Tough Euro crackdown on AI use passes key vote

It's a familiar story: Legislation versus rapidly evolving technology

A sweeping European Union-wide AI regulatory bill is one step closer to adoption, with the European Commission's Internal Market and Civil Liberties Committees voicing their approval by an overwhelming majority. Should the bill become law, it could lead to tough times for AI operators in the economic bloc.
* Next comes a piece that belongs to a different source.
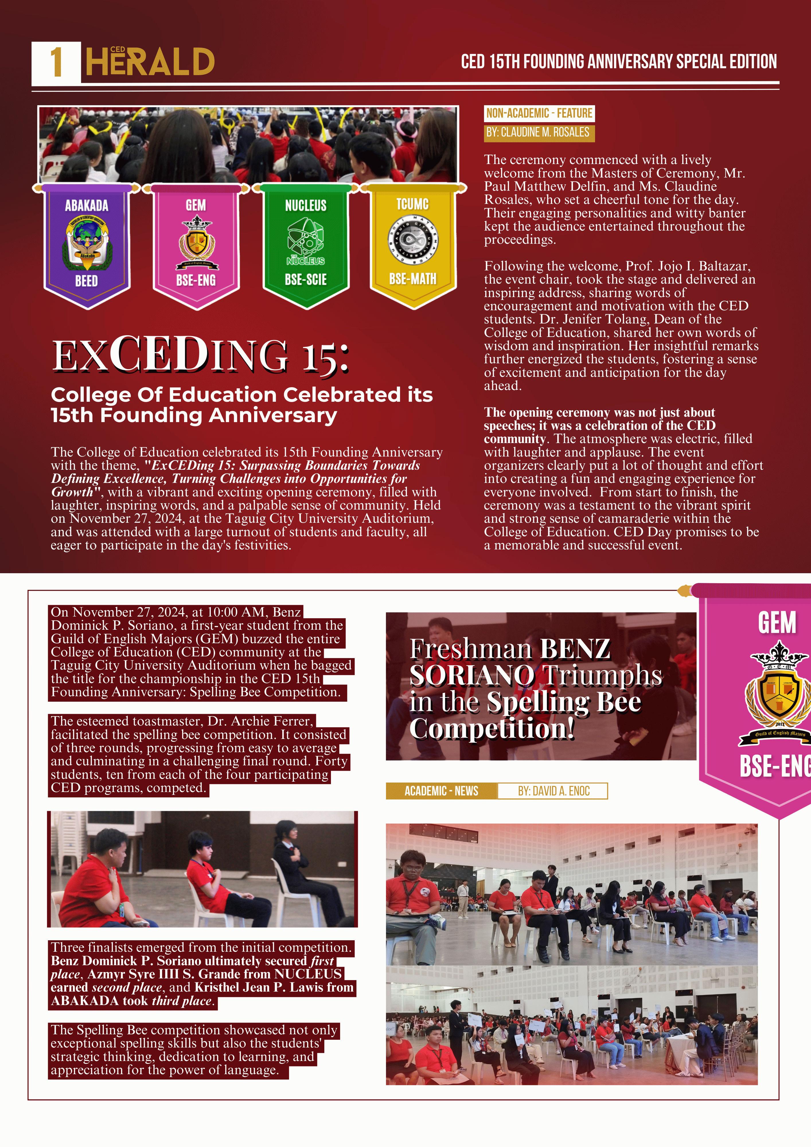 On the 27th of November, 2024, the TCU Auditorium was filled with ear-deafening cheers during the celebration of the College of Education's 15th Founding Anniversary, as the participants from the four (4) programs competed for the title of becoming the next champion of CED Idol 2024.

Passed 84 to 7 (with 12 abstentions), the EU's Artificial Intelligence Act places a number of gradually stricter rules on AI providers based on the system's perceived level of risk. Under those regulations, AI systems the EU decides come with "an unacceptable level of risk to people's safety" would be banned outright. 

Such technologies initially included social scoring systems and technology that uses subliminal techniques to manipulate users, but the committees voting to send the Act along to a plenary vote made a number of amendments.

Committee MEPs added a variety of biometric identification systems to the "unacceptable" category – including real-time biometric ID systems in public spaces or that use sensitive categories to group people, predictive policing systems, and emotion recognition systems. Scraping biometric data from social media and CCTV to create facial databases was also added to the list of banned AI practices. 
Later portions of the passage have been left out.